Perhaps a possible solution is to make the process easier and more efficient for reviewers, who volunteer their time, and also to provide some value-added back to them in terms of reviewer tools that help them to become better readers. We’ve coded some tools for reviewers (as well as for authors); our “Review Building Tool” is free for anyone to use regardless of whether the user is reviewing for us or for another journal. It uses evidence-based medicine standards to help the reviewer to focus on the key methodological elements that are specific to each study’s design (different elements for studies about therapy, diagnostic tests, natural history of diseases, meta-analysis, etc), and then includes prompts to include information relevant to studies of all designs (importance, novelty, dealing with no-difference findings). Although our journal is a surgical-subspecialty title, the tool would be equally usable for the review of articles in any medical specialty. Feel free to give it a try under “CORR Author and Reviewer Tools” –> “Review Building Tool” off our home page at http://www.clinorthop.org. No charge to use or share. Trying to raise all boats here. For a little more about it, including how and why we developed it and share it freely, see this editorial: https://journals.lww.com/clinorthop/Fulltext/2016/11000/Editorial_CORR_sNew_Peer_Reviewer_Tool_Useful_for.1.aspx.

Can you imagine well-known Professor X – who is on grant panels/conference committees etc, finding out that his work was rejected by a post-grad/doctoral student?

Peer reviewers do not accept or reject papers. They offer opinion and advice to journal editors who are responsible for those decisions.

In my experience as a journal editor, postdocs and advanced graduate students are often excellent peer reviewers, as they are usually more directly aware of and experienced in the latest research and techniques than their PI bosses who are removed from doing experiments. The only issue I’ve found with students/postdocs as reviewers is that they tend to feel like they have something to prove and nitpick a bit more than their more experienced colleagues.

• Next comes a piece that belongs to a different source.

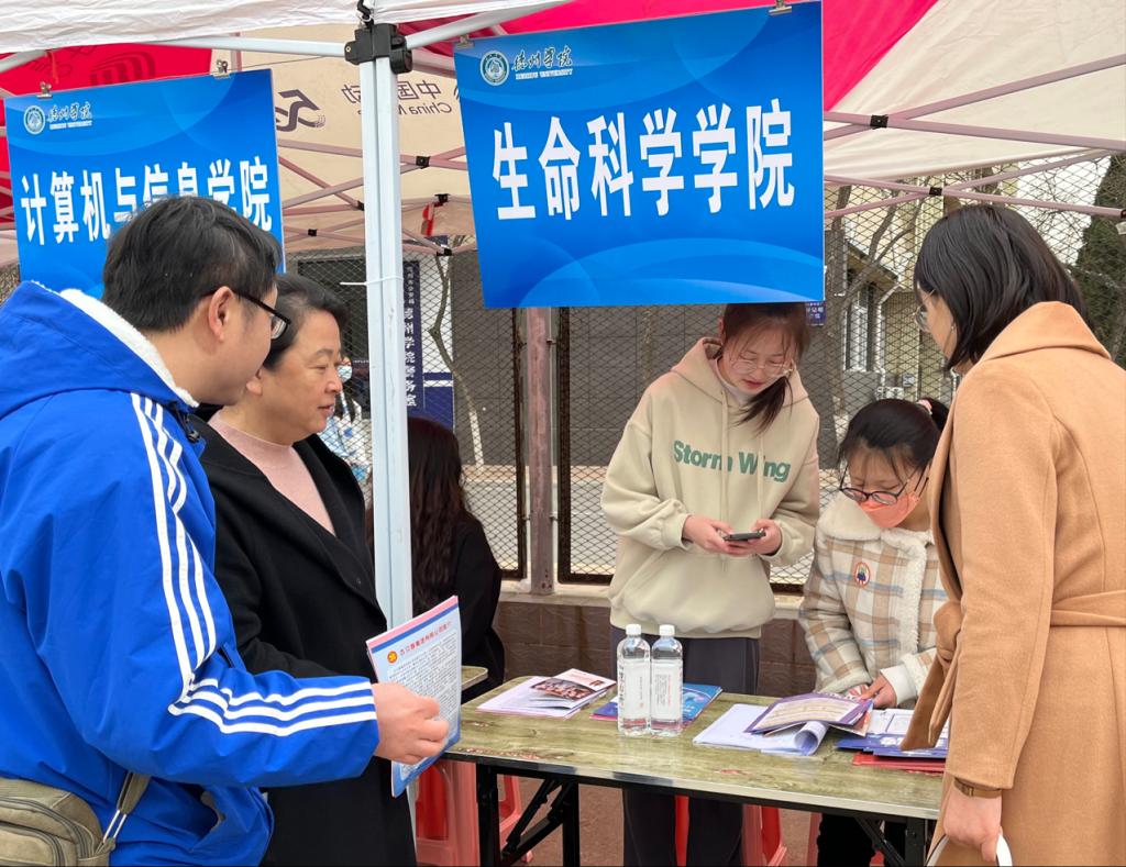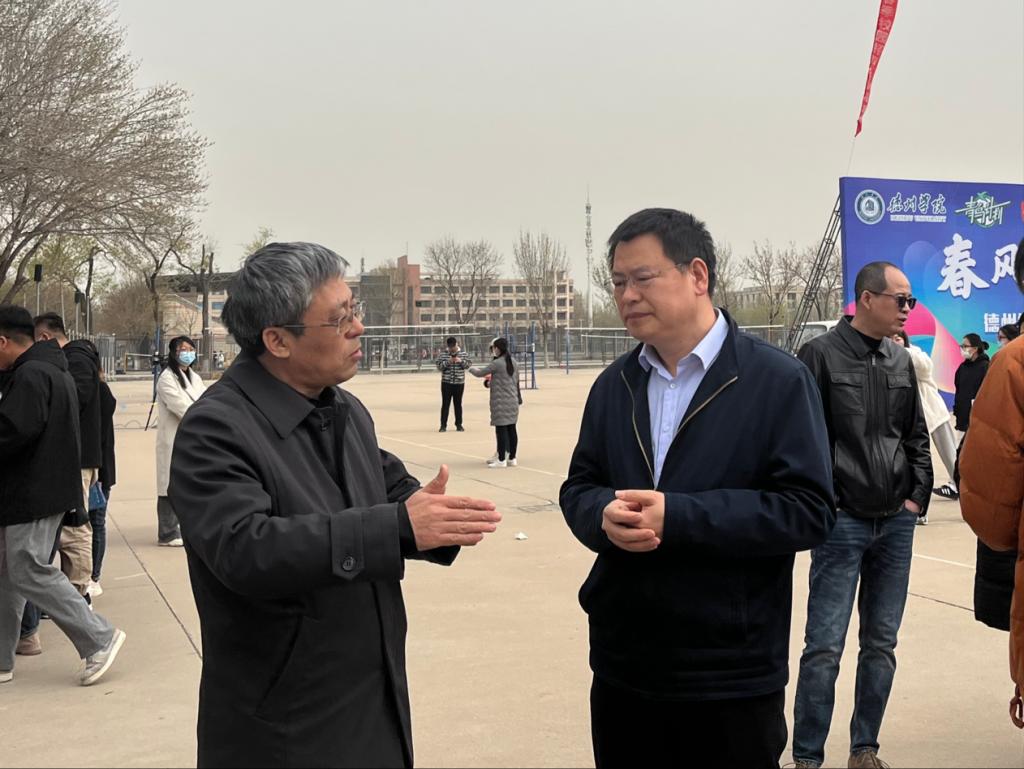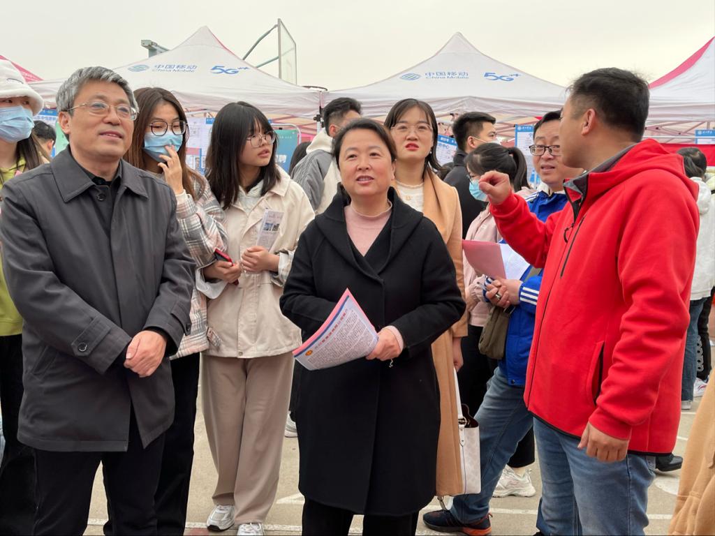3月25日上午,ok138cn太阳集团古天乐组织我院2023届应届毕业生积极参加春季校园招聘会,学院党委书记赵庆福、党委副书记夏书珍、辅导员周向军、孙珍辉深入招聘现场,助力毕业生和用人单位双向选择。本次招聘会现场共有300余家行业名企参加,共提供教育、科技、医药研发、食品应用等3000余个岗位。

If you send a paper to a PI for review and they want to have their student/postdoc do the review, that’s fine, as long as they’re transparent about it and ensure that the editor knows this is the case. Working together on a review with your mentor can be an incredibly valuable training experience for the student/postdoc. Really good mentors use this as a means to teach their mentees how to do a good review, and the practice should, IMO, be encouraged as a means to build the next generation of good peer reviewers.

David, many thanks for this clarification, you are of course absolutely correct in all the points you make, and i have no dispute with this. However, the perception, attitude and response of Professor X is a key element within any community. Until attitudes change, we will see unethical behaviour as a consequence of finding out whose report(s) led to the rejection of your work.

Which is why I think peer review should always remain anonymous, even if we do publish the peer reviews alongside the published paper. Anonymity is key to being able to speak truth to power.